If you're concerned about, or care for, someone with mental illness
nat004
Posts: 2
Joined: Thu Jul 12, 2018 9:48 pm

Would really appreciate some advice

Postby nat004 » Thu Jul 12, 2018 10:16 pm

I have been with my partner now for 6 years, from the beginning I was aware that he struggled with mental health but in the first year or so it was always manageable. In the last few years it has become more and more difficult, his depression, mood swings, anxietys and breakdowns are more intense and more frequente. I have managed to get him to attended CBT treatment about two years ago, that didn't really work, we are now in the process of getting a referral to our local mental health team, but it's taking weeks and he won't go to private therapy again as he says it's a waste of time and money. He hasn't worked since February, and spends most of his day in bed on his phone and unless I bring him food he won't really eat. I'm really trying to be patient and understanding, I do really love him but I'm starting to feel like I'm stuck and suffocating. I'm 27 , I want a family and children but I don't know if this is ever going to get better, and I am at the point where I don't know what to do, I don't know how I'm supposed to deal with this?

Any advice would be really great x

lucym
Posts: 34
Joined: Sun Jun 04, 2017 5:25 pm

Re: Would really appreciate some advice

Postby lucym » Fri Jul 13, 2018 2:08 am

Sorry things are so hard for you and your partner, it sounds really tough.
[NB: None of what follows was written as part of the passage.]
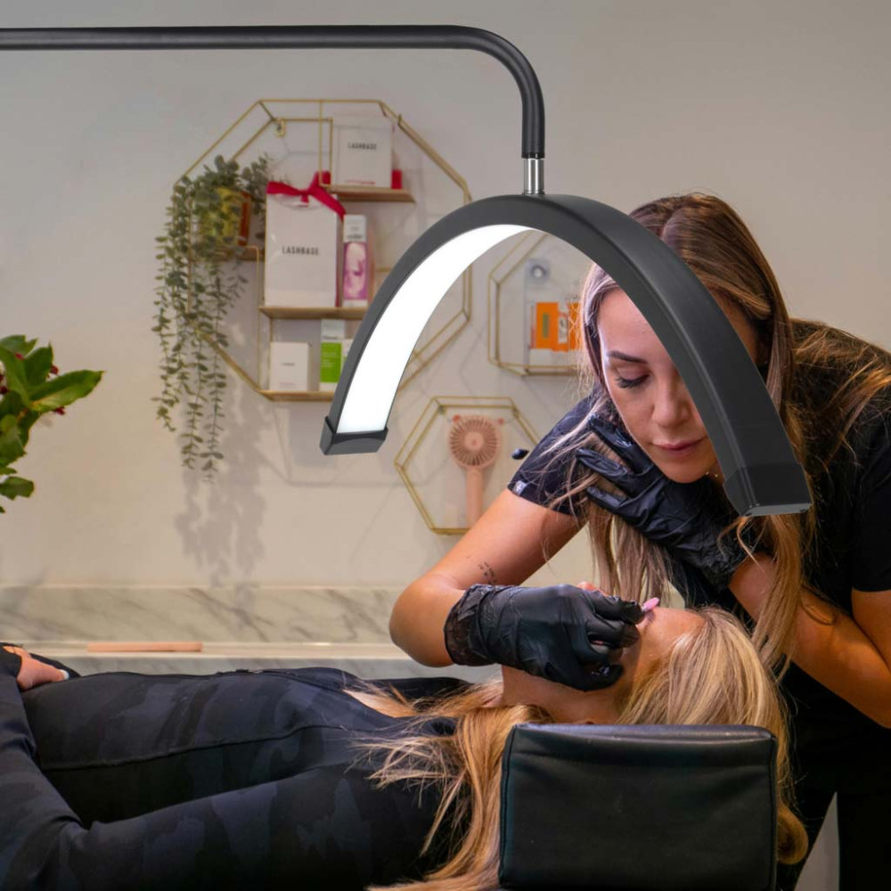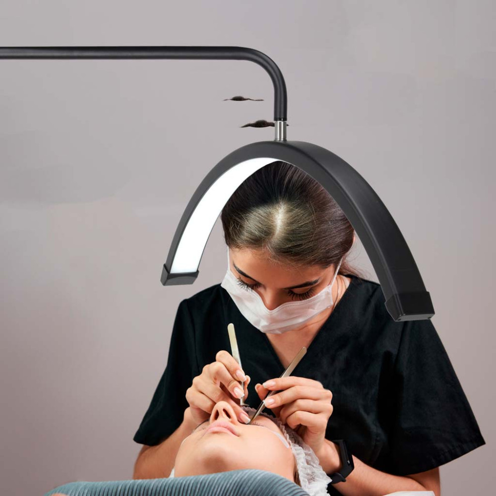 Lampa cosmetică profesională LED, cu design modern în formă de arc și iluminare reglabilă, oferă condiții optime de iluminare pentru diverse activități de înfrumusețare..
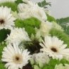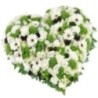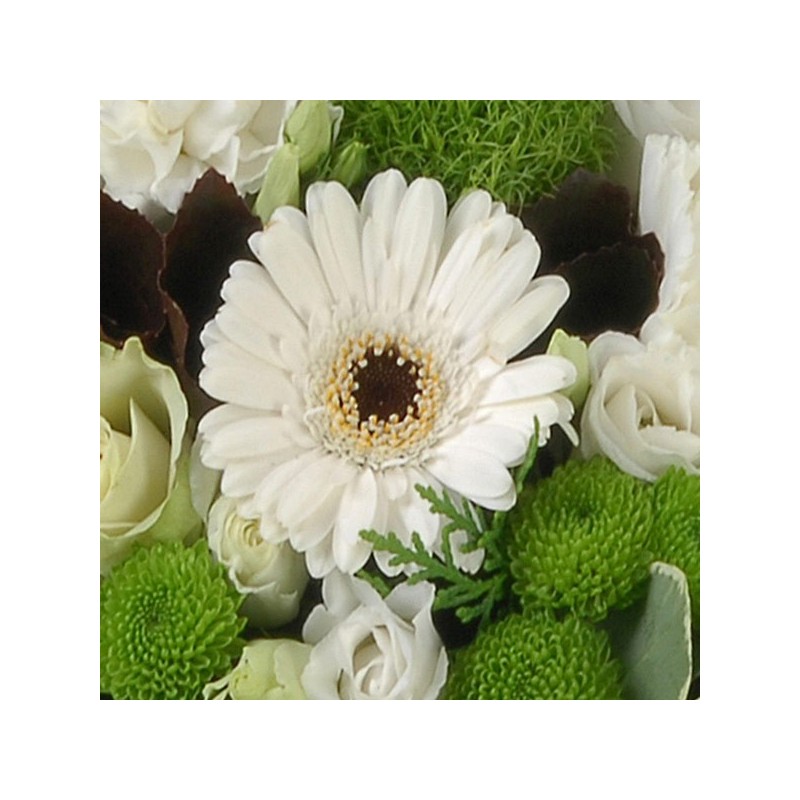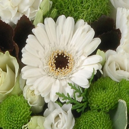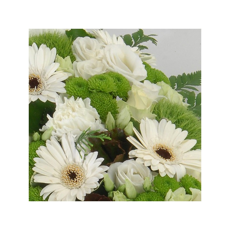 Composition piquée en forme de coeur dans les tons blancs et verts composée d'oeillets, de germinis, de roses et autres fleurs de saison.

I’ve been there and it’s no picnic.
I’m not sure what I can advise cos I’m in an almost identical situation but I guess all the usual things: give him support, listen, have boundaries about how much you can do and look after yourself. Letting him know that you’re there and that you love him is of course really important but the last two are as well.
It might be that you decide you can’t stay in the relationship- you have needs too- in which case you need to be really honest with yourself. That doesn’t mean ultimatums or anything, but just thinking about what you want and if the relationship is working.
I really hope he gets some good care quickly and something that helps at that. Waiting for it is awful, it feels interminable. And I really hope you get some respite too x

hopesanddreams
Posts: 9
Joined: Wed Nov 01, 2017 10:49 pm

Re: Would really appreciate some advice

Postby hopesanddreams » Sat Jul 14, 2018 5:59 pm

That sounds really difficult for you. I have experienced similar but my husband’s low moods only tend to last a few days at
A time, and that’s hard enough to manage. As the other poster said, make sure you look after yourself too. Let him know you are there for him but try not to let his mood drag you down. I find trying to carry on as best as “normal” helps to keep me sane, even though it’s the last thing I feel like doing. But if you get sucked into the negativity it’s not good for either of you.

I really hope he gets some help soon, it’s really positive that he’s open to getting help so try and hold onto that. Wishing you all the best and please do post here if you need someone to talk to.